🤖 AI Summary
To address the degradation in generation quality of DDIM sampling under low-step regimes, this work proposes replacing the standard Gaussian backward transition kernel with a moment-matching Gaussian Mixture Model (GMM), constrained solely by first- and second-order central moments for efficient distribution approximation. This is the first integration of moment-matching GMM into the DDIM framework—requiring no additional network parameters or extra training overhead. On ImageNet 256×256, our method achieves an FID of 6.94 (a 3.21 improvement) and an Inception Score of 207.85 (a 11.12 gain) using only 10 sampling steps, significantly outperforming the DDIM baseline. The approach combines theoretical elegance—rooted in moment-based distribution matching—with practical efficiency, offering a novel paradigm for accelerating diffusion model inference without compromising sample quality.
📝 Abstract
We propose using a Gaussian Mixture Model (GMM) as reverse transition operator (kernel) within the Denoising Diffusion Implicit Models (DDIM) framework, which is one of the most widely used approaches for accelerated sampling from pre-trained Denoising Diffusion Probabilistic Models (DDPM).

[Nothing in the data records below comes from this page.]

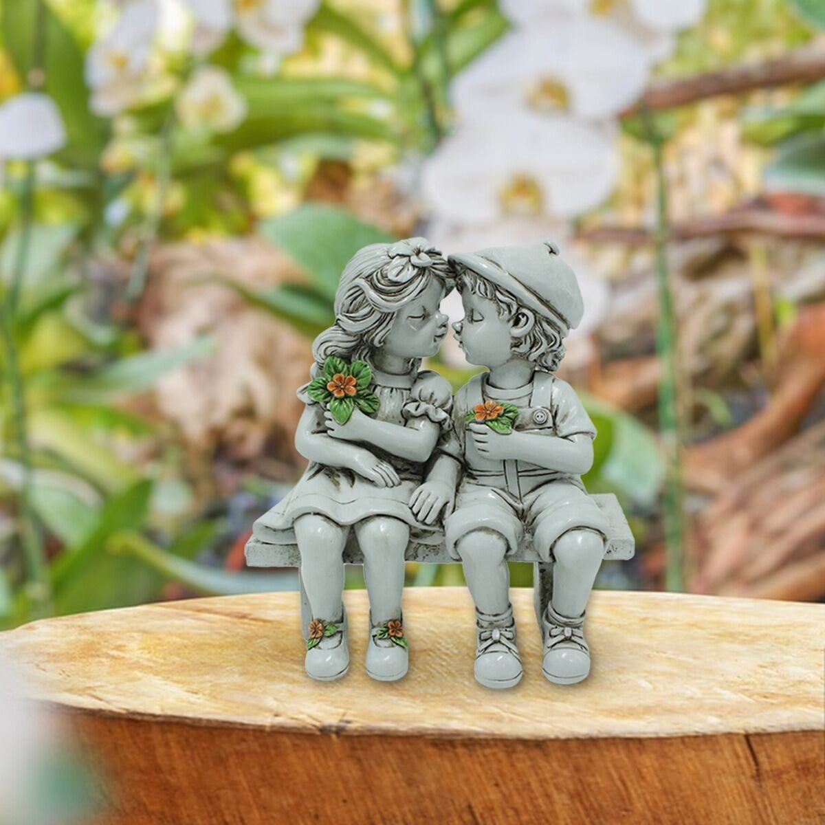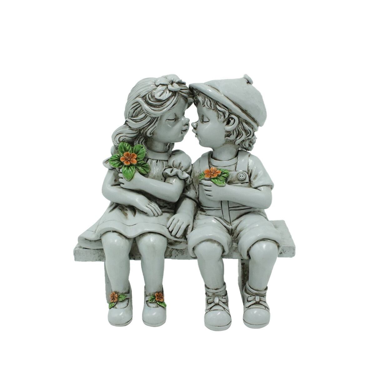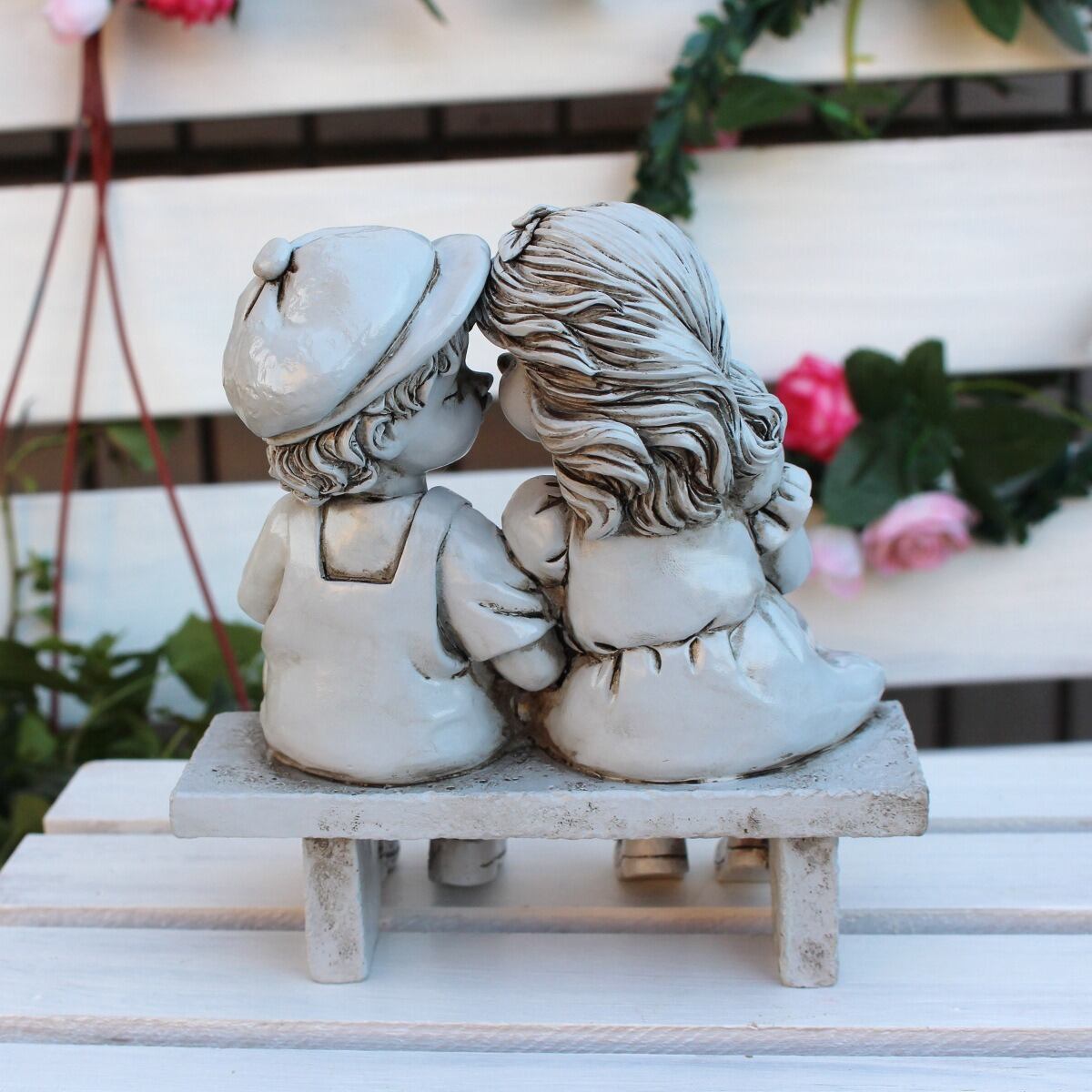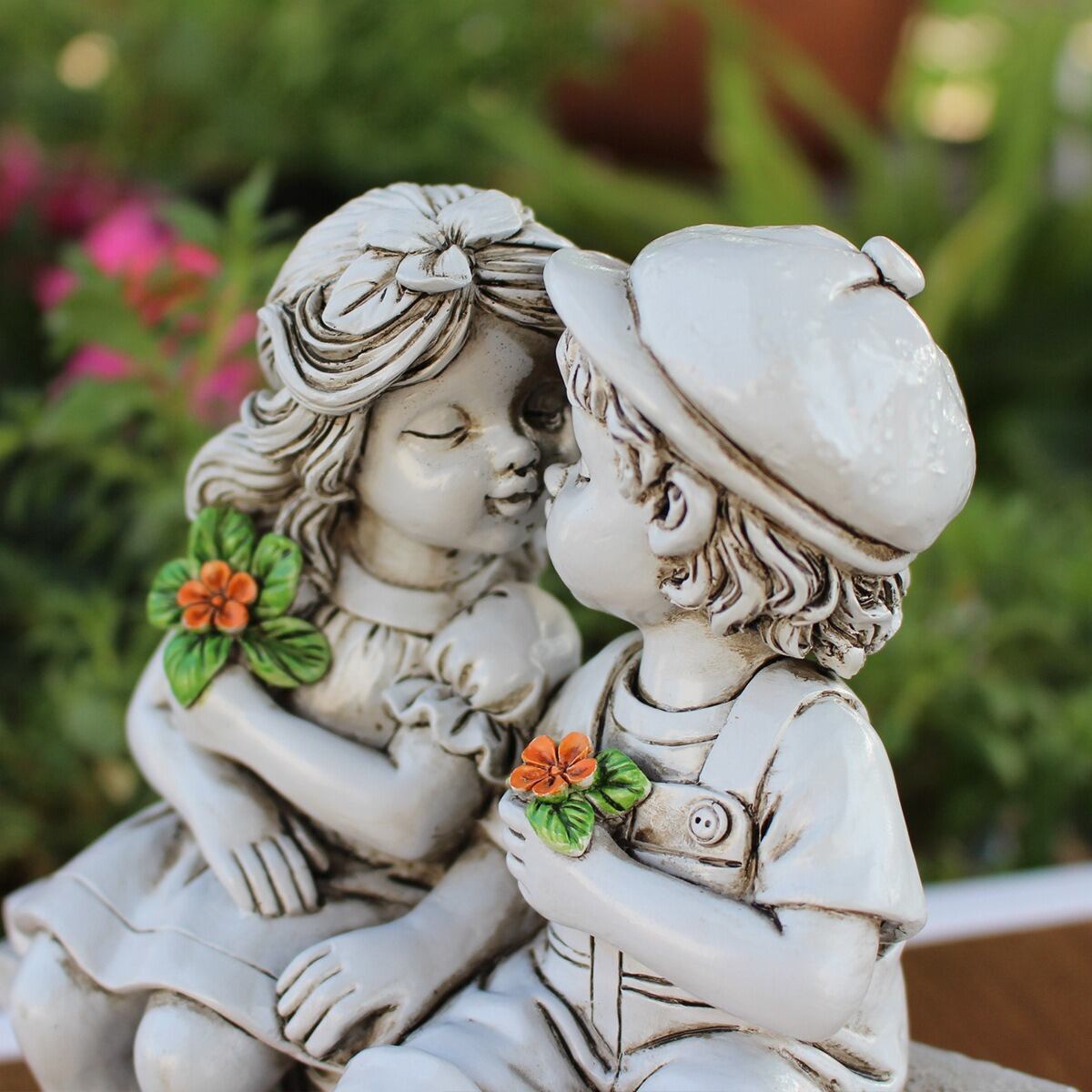 ガーデンオブジェ ベンチ 男の子 女の子 ヴィンテージ調 ホワイト かわいい キス 花 フラワー ガーデニング 雑貨 ガーデン雑貨 ガーデンインテリア ガーデン インテリア 庭の装飾 お洒落 おしゃれ 8-14
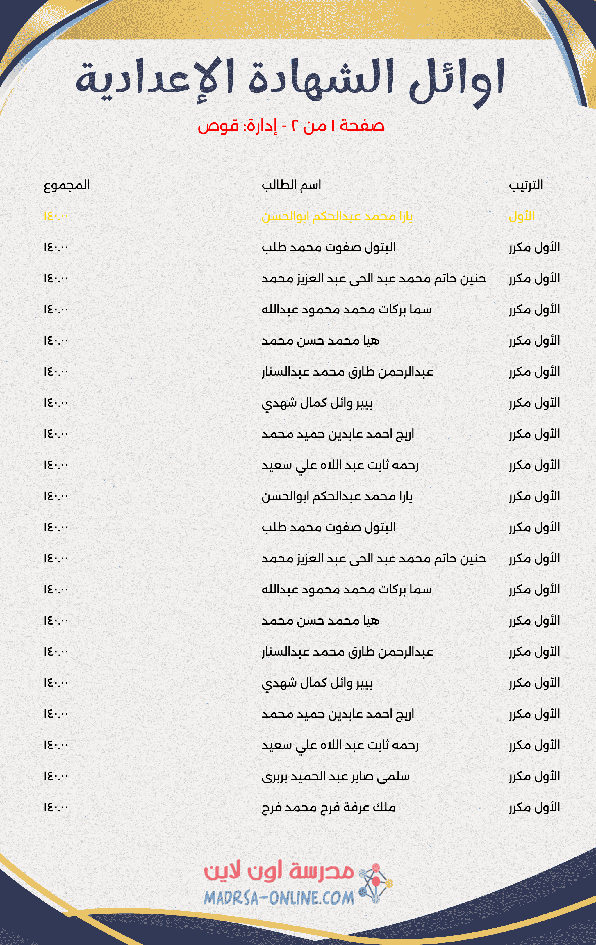 اوائل نتيجة الشهادة الإعدادية بقنا
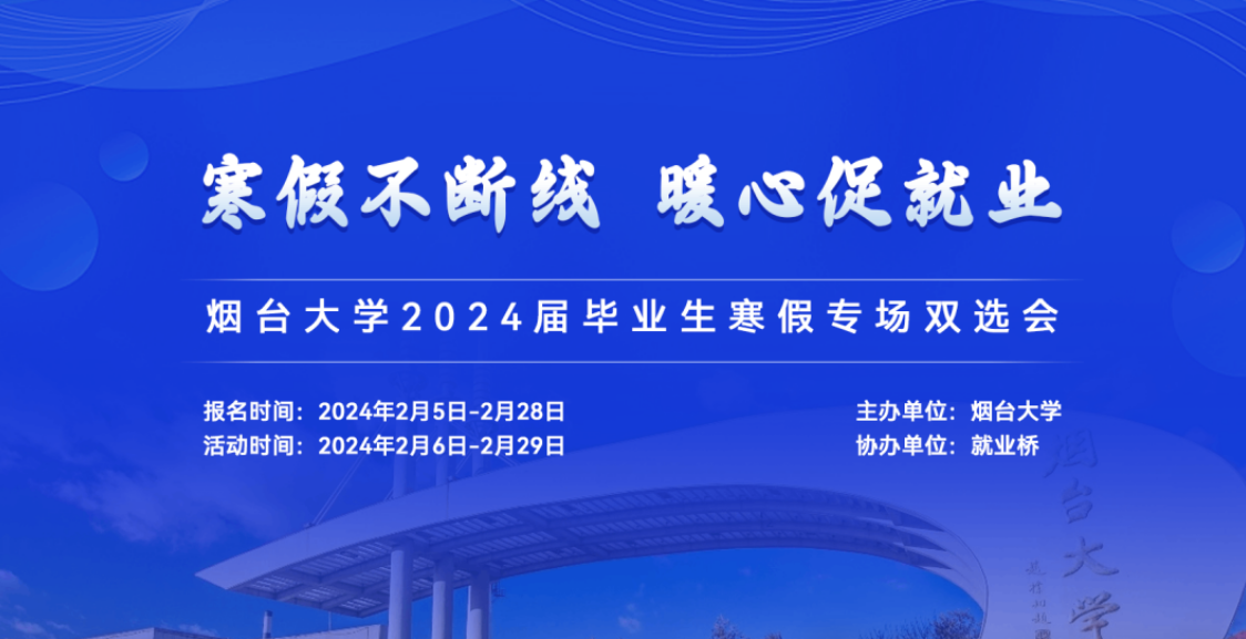 访企拓岗、就业信息推送、简历制作指导、AI模拟面试……为促进2024届毕业生顺利就业、尽早就业,烟台大学根据教育部、山东省关于高校毕业生就业工作相关部署,制定《2024届毕业生冬季促就业专项活动工作方案》《2024届毕业生寒假促就业暖心行动方案》,聚焦就业重点难点问题,充分利用寒假窗口期,围绕拓渠道拓岗位、毕业生精准指导与帮扶、“就业育人”主题教育系列活动、首届全国大学生职业规划大赛等活动,在做好针对性就业指导、提升校园招聘供需匹配度等方面发力,讲求精准、实效拓展岗位。积极优化指导服务,切实提升学生就业工作质效,以服务促进毕业生高质量就业。
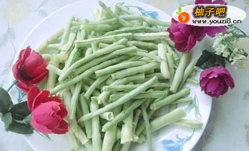 摘取绿色无公害的菜豆,用美工剪去掉根部的蒂巴,去掉有虫眼的部分,在清水中清洗干净
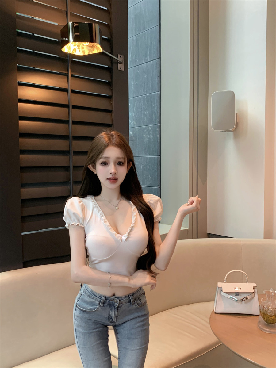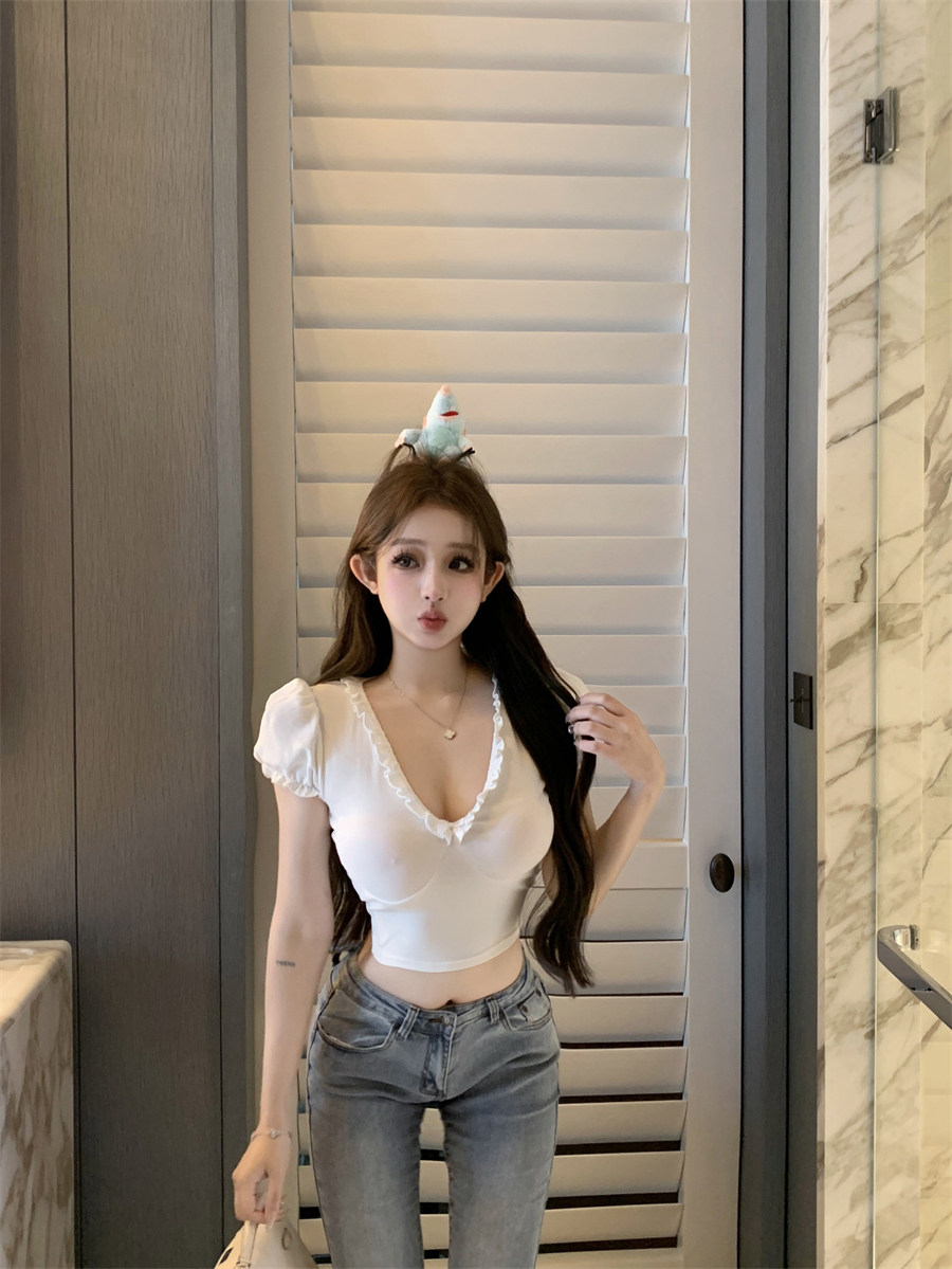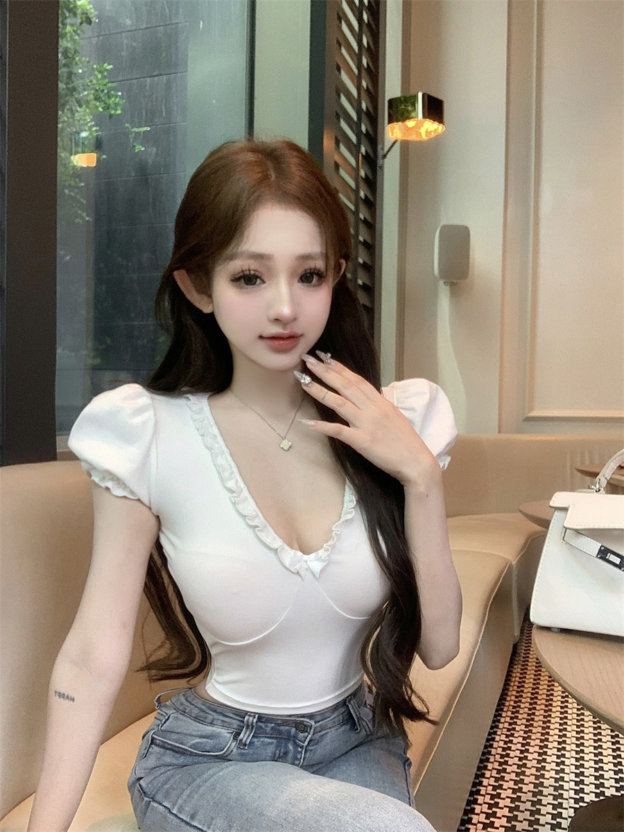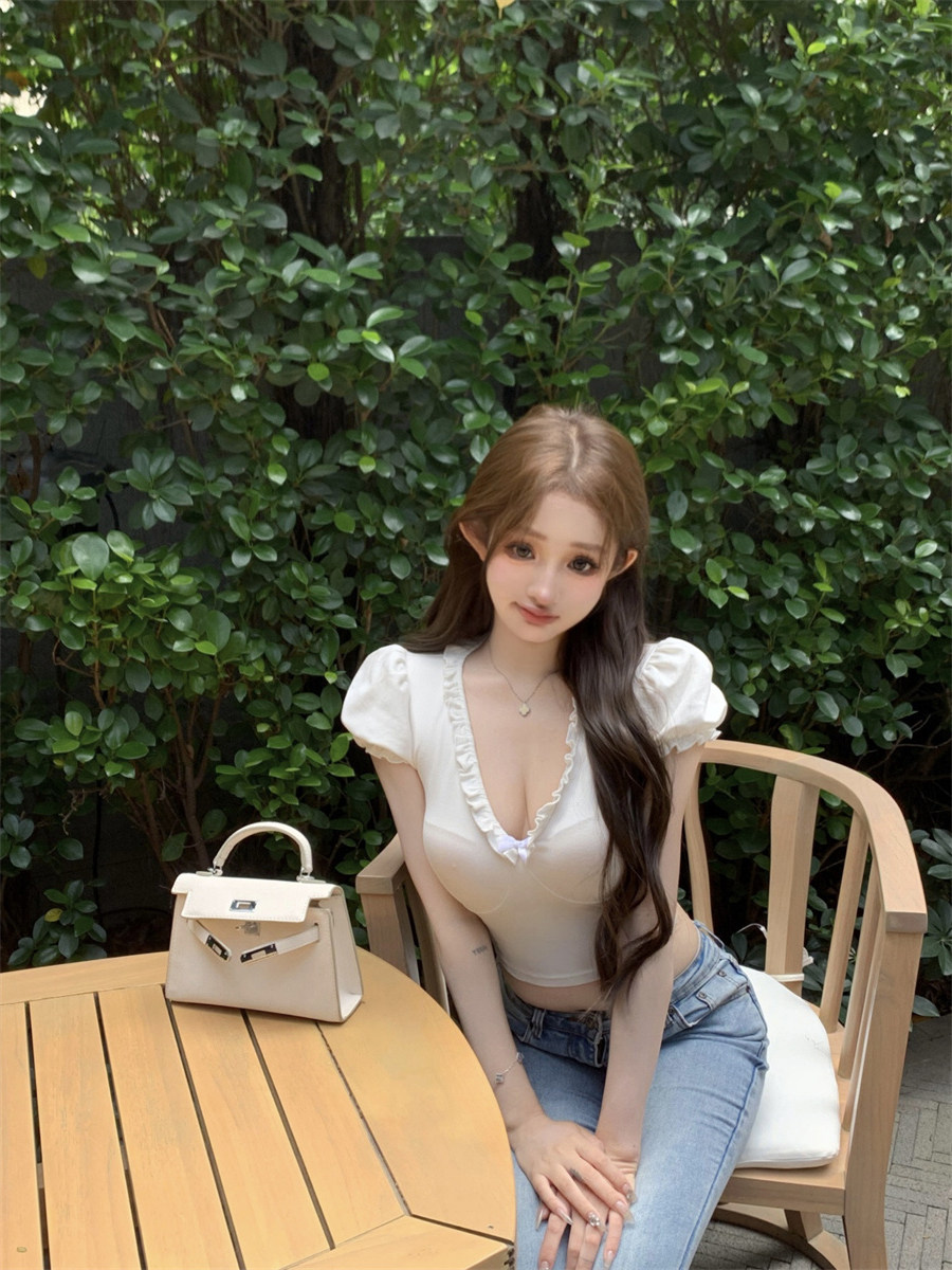 設計感木耳邊V領修身顯瘦白色泡泡袖甜辣T恤上衣

Specifically we match the first and second order central moments of the DDPM forward marginals by constraining the parameters of the GMM. We see that moment matching is sufficient to obtain samples with equal or better quality than the original DDIM with Gaussian kernels. We provide experimental results with unconditional models trained on CelebAHQ and FFHQ and class-conditional models trained on ImageNet datasets respectively. Our results suggest that using the GMM kernel leads to significant improvements in the quality of the generated samples when the number of sampling steps is small, as measured by FID and IS metrics. For example on ImageNet 256x256, using 10 sampling steps, we achieve a FID of 6.94 and IS of 207.85 with a GMM kernel compared to 10.15 and 196.73 respectively with a Gaussian kernel.